Was able to get ITMY tfs this morning. The stage 2 resonances are not super clean, but I'm think that's just because we are in air. Otherwise, looks okay.
The LVEA has been to transitioned to Laser HAZARD by Peter King.
Got the ClassA blanks installed and torqued down to 140" lbs. I can still see copper so they are not metal to metal yet. I was getting gun shy on the bolts and these will be replaced with the actual fiber feedthrus before a potential leak might be found or maybe even matters.
Trying to get close out tfs on BSC 2 and it appears the Corner 3 actuators are all swapped around. The H3 to H3 l4c/gs13 tfs for both stages look bad, but the H3 to V3 l4c/gs13 tfs look okay.

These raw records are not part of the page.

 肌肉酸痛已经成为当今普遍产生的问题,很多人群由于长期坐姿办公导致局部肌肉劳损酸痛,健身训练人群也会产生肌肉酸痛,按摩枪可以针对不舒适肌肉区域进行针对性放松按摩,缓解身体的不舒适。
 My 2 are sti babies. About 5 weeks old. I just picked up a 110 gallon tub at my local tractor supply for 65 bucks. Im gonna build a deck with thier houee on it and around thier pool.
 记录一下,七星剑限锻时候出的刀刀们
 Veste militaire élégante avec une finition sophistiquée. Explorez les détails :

I looked at the cables out of the coil drivers and the order of the labeling is the same for all 3 drivers, so I would guess that some work was done on the outside of the chamber and the cables weren't hooked back up correctly. First attached plot is the St2 tfs (with the cross-over tfs for corner 3), second shows the St2 corner 3 tfs, H3 to H3/V3 gs13s, V3 to H3/V3 tfs. The better looking tfs are H3 to V3 and V3 to H3, the crappy looking ones are H3 to H3 and V3 to V3. The St1 tfs are similarly confused, see third plot.

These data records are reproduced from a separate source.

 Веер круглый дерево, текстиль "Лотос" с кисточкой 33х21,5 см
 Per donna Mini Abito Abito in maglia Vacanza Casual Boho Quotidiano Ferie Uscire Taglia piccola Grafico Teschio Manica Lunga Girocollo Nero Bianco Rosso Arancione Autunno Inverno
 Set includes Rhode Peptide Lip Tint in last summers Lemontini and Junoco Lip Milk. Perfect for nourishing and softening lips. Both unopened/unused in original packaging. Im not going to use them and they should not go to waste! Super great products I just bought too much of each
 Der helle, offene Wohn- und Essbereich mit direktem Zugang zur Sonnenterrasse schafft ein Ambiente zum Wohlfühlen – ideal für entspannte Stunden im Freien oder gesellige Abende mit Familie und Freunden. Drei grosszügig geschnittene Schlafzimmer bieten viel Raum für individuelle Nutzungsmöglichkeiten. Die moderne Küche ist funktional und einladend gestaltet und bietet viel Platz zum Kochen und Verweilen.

Checked the cables at the Chamber feedthrus--All are consistent Chassis/Cable Name: C2 F2 F1 C1 maps to label at feedthru: St1 V St2 V St2 H St1 H. Same for all three corners. The only thing at Corner3 is the strain relief zip tie is gone but that could have been for some time. I pulled each cable from the feedthru, noticed nothing to report and resecured.
Ed pulled the BSC2 corner 3 coil driver this morning and found that some cables inside were swapped left to right. He's fixed that and re-installed the coil drive. Corner3 tfs look good now. BSC2 is good to go.